Clomipramine's side effects, like those of all heterocyclic antidepressants, may include drowsiness, hand tremors, dry mouth, dizziness, constipation, headache, insomnia.
While its use in treating anxiety disorders has not yet been approved by the FDA, fluoxetine has shown some promise in research.
Anti-Panic Medications
Like other anxiety illnesses, panic disorder has both physical and mental symptoms. People suffering from a panic attack often think they are having a heart attack: their heart pounds; their chest is tight; they sweat profusely, feel they are choking or smothering, have numbness or tingling around their lips or their fingers and toes, and may be nauseated and chilled. Panic attacks are so terrifying and unpredictable that many victims may begin to avoid places and situations that remind them of those under which previous panic attacks occurred. Over time the victim may even refuse to leave home.
Currently, many psychiatrists may prescribe alprazolam for people who suffer with panic attacks. However, as already stated, this medication can cause dependency when used for an extended period. Once an anti-depressant has taken effect, physicians treating panic with alprazolam and an anti-depressant in tandem will usually reduce the alprazolam dosage slowly.
Learning new ways of thinking, modifying behavior, learning relaxation techniques and participating in support groups are among the non-medication treatments that are also important parts of the overall treatment plan for panic disorder.
While alprazolam is the only medication the FDA has approved for treatment of panic disorder, research continues into the positive effects of other medications as well.
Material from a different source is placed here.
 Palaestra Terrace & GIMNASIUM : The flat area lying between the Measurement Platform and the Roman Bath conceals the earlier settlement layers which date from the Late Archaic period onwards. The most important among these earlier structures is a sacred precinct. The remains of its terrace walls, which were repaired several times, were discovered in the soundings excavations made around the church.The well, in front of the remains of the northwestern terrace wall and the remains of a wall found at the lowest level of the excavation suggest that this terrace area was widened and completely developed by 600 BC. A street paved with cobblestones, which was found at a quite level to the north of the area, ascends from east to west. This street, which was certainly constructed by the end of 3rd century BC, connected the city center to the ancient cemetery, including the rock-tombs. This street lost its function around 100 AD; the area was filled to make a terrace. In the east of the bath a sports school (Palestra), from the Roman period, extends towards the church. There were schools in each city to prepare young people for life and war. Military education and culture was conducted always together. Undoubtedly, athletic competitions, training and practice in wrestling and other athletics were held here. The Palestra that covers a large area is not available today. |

In clinical trials panic disorder has responded well to heterocyclic anti-depressant medications. In fact, antidepressant medications such as imipramine have been effective in reducing panic symptoms in 50 to 90 percent of the patients studied. When combined with psychological and behavioral treatments, the effectiveness of the medications increases. When the panic symptoms lessen, the patient can begin working with the psychiatrist in understanding his or her illness and coping with its effects on daily life.
Likewise, studies have suggested that MAOIs such as phenelzine or tranylcypromine can be as effective as heterocyclic anti-depressants in the treatment of panic.
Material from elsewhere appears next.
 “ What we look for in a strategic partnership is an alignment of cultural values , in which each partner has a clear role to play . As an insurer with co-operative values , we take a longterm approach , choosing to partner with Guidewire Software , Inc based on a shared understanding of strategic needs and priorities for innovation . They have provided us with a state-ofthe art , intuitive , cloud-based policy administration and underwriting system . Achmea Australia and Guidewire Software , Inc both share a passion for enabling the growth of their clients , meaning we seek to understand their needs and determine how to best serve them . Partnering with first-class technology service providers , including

Fluoxetine, which is also awaiting FDA approval for treatment of panic, has had promising results in tests of its effects on panic.
Antipsychotic Drugs
Psychosis is a symptom, not a disease. It can be part of several mental illnesses, such as schizophrenia, bipolar disorder, or major depression. It also can be a symptom of physical illnesses such as brain tumors, or of drug interactions, of substance abuse, or of other physical conditions.
Psychosis alters a person's ability to test reality. A person may suffer from hallucinations, which are sensations that he or she thinks are real but don't exist; delusions, which are ideas which he or she believes despite all proof that they are false; and thought disorders, in which his or her thought processes are chaotic and illogical.
Schizophrenia is the mental illness most often associated with psychosis. Researchers do not know the specific causes of schizophrenia, though most believe that it is primarily a physical brain disease. Some believe that the neurotransmitter dopamine is involved with the hallucinations, delusions, thought disorders and blunted emotional responses of this mental illness. Most medications prescribed for schizophrenia affect the dopamine levels in the brain at the same time they reduce the extremely painful mental and emotional symptoms.